The French have a beautiful sounding word for a repeat flowering rose and, without doubt, the most remontant rose that we grow is ‘Aloha.’ Embowering our front porch pillars, she welcomes with her fresh-hued beauty. ‘Aloha’ begins the season in a great flush, followed by a brief rest, and then continues non-stop, typically through November, and in one recent, relatively mild autumn, into December. With one bud yet to open, I imagine this year will be another where I can claim she bloomed into December. I like her so very much that I planted a second and then third and they are all three sited where we can enjoy her great gifts daily.
‘Aloha’s’ buds are full and shapely, and colored carmine rose with vermilion undertones, giving us a preview of nuanced shades to come.
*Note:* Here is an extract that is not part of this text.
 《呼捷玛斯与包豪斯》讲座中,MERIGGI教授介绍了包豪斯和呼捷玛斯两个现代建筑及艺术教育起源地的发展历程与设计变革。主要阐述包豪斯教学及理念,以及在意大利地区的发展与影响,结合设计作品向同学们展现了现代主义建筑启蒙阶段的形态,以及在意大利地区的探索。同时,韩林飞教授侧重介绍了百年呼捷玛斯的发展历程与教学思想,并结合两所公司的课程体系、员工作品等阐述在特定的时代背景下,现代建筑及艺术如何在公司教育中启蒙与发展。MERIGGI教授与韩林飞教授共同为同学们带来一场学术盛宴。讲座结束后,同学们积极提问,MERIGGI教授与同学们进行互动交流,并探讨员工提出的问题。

She unfurls to form large, quartered, and subtly two-toned blossoms, initially opening in shades of clear rose-pink with a deeper carmine pink on the reverse, or underside of the petals. The blossoms are long lasting, fading to a lovely shade of pale coral pink. And the petals fall loosely, never becoming balled clumps. With luxuriously long stems and shiny emerald foliage, ‘Aloha’ also makes a divine cut flower.
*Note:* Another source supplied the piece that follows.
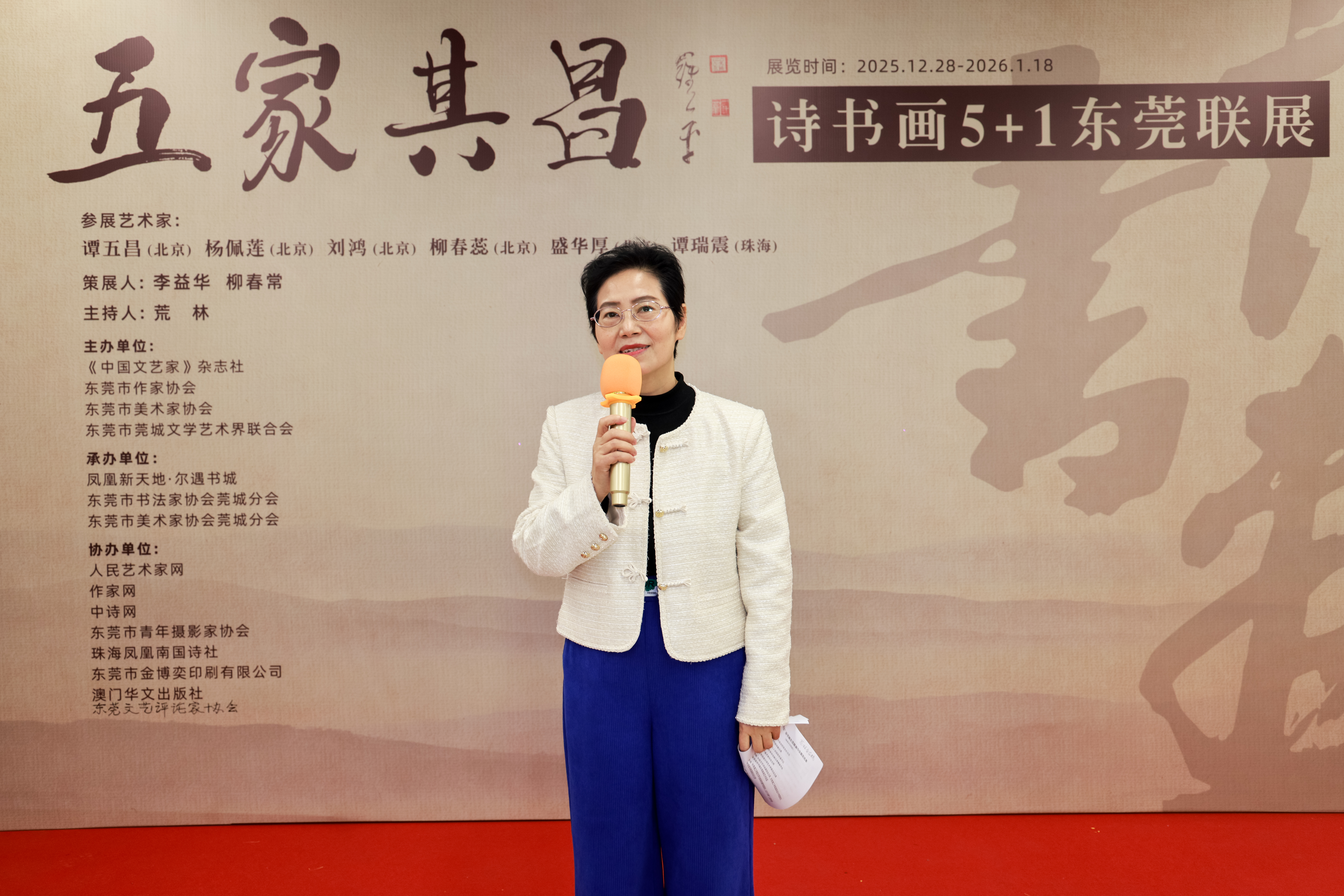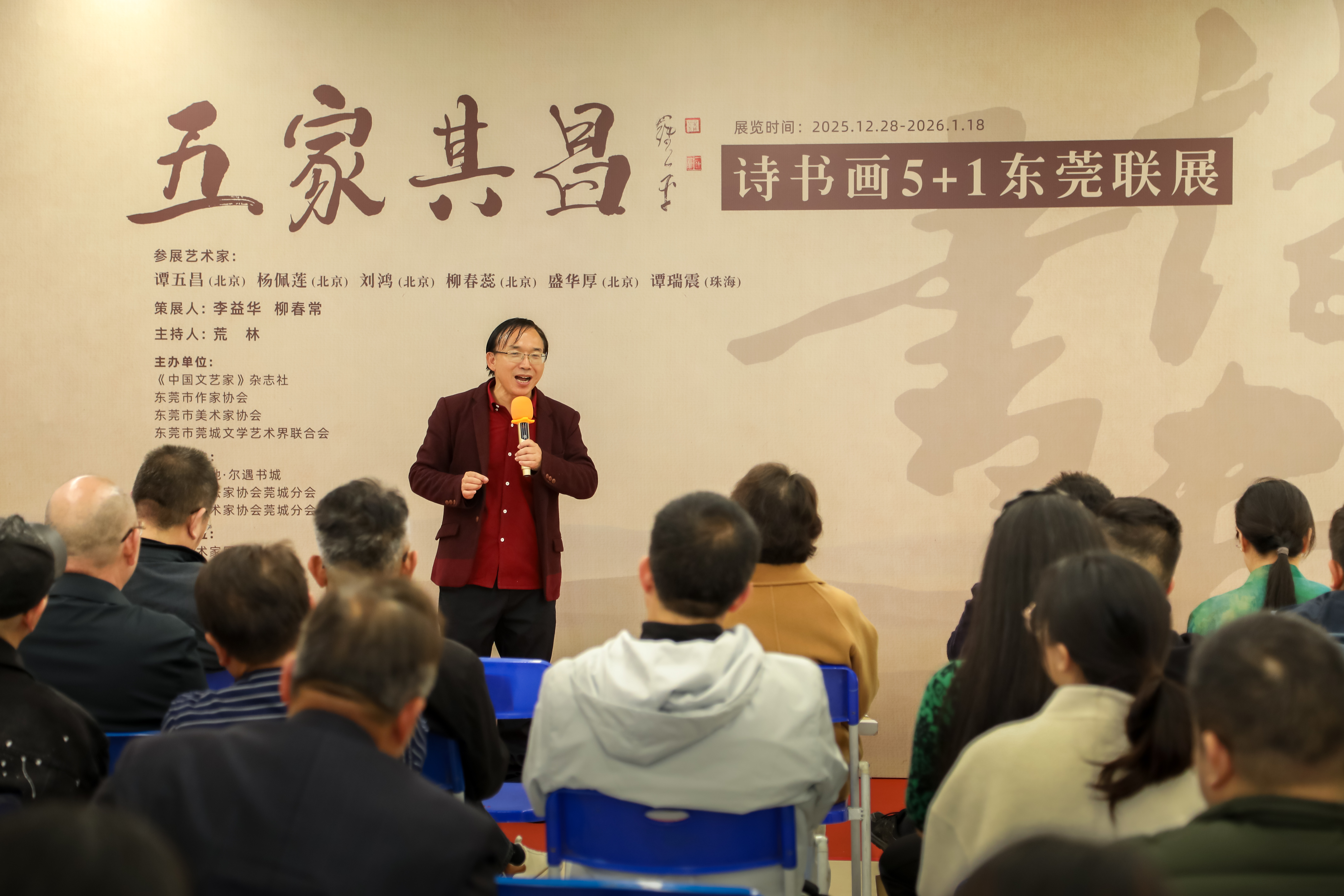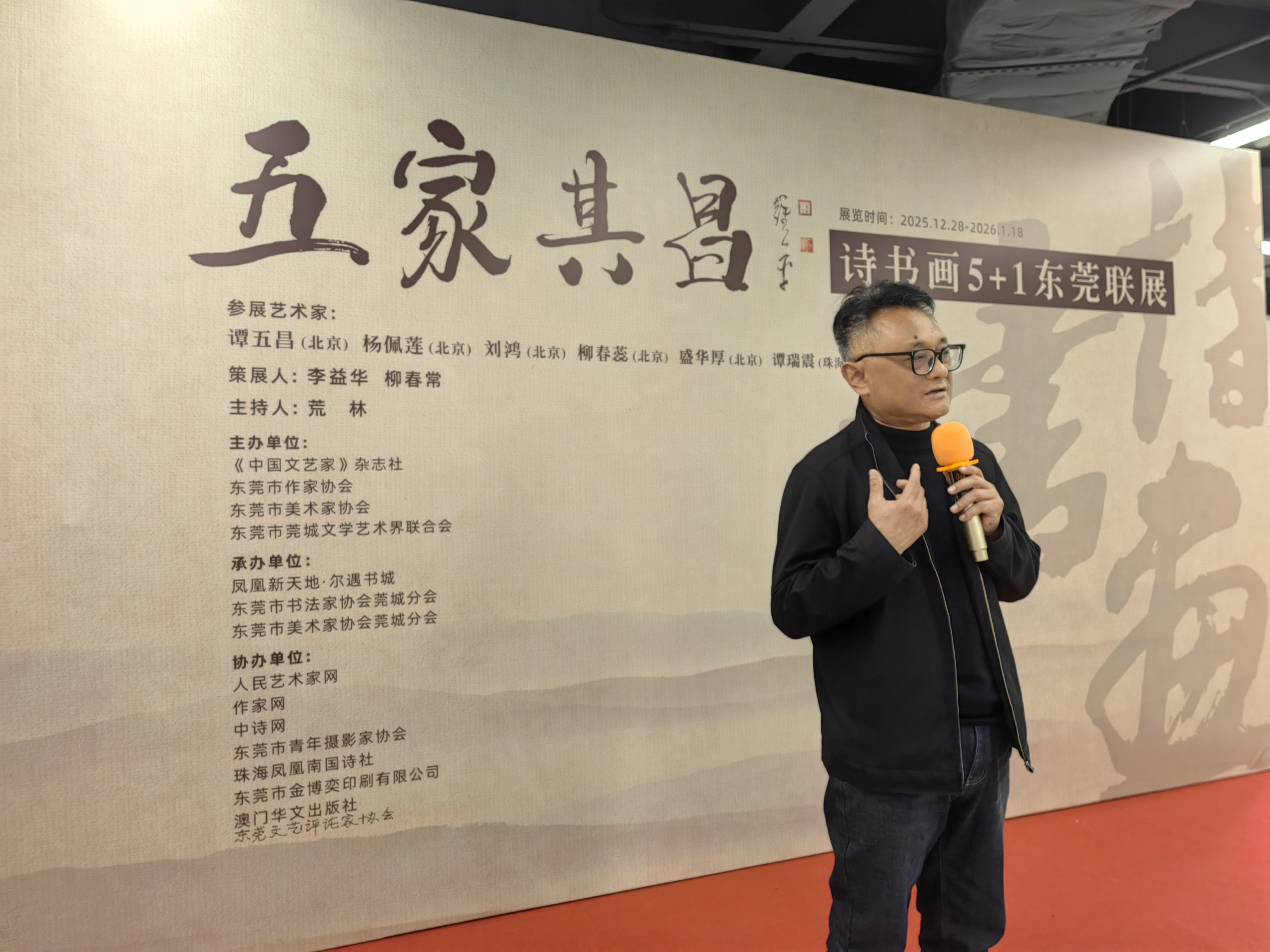 2025年12月28日,“五家其昌”诗书画5+1东莞联展开幕式在东莞市凤凰新天地尔遇书城隆重举行。本次联展由《中国文艺家》杂志社、东莞市作家协会、东莞市美术家协会、东莞莞城文学艺术界联合会主办,凤凰新天地尔遇书城、东莞市书法家协会莞城分会、东莞市美术家协会莞城分会承办,并得到人民艺术家网、作家网、中诗网、东莞市青年摄影家协会、珠海南国凤凰诗社、东莞市金博奕印刷有限公司、澳门华文出版社、东莞文艺评论家协会等单位的协办支持。

Oh, and I can’t believe I am several paragraphs in and haven’t yet mentioned her fragrance. She not only welcomes with her great beauty, but also with her potent and dreamy scent. I have often heard ‘Aloha’ described as having a green apple fragrance, but find that description only partially accurate; the scent is really much more sophisticated, with notes not only of fresh Granny Smith apple, but also the warm sensuous undertones of the old Damask and Bourbon roses.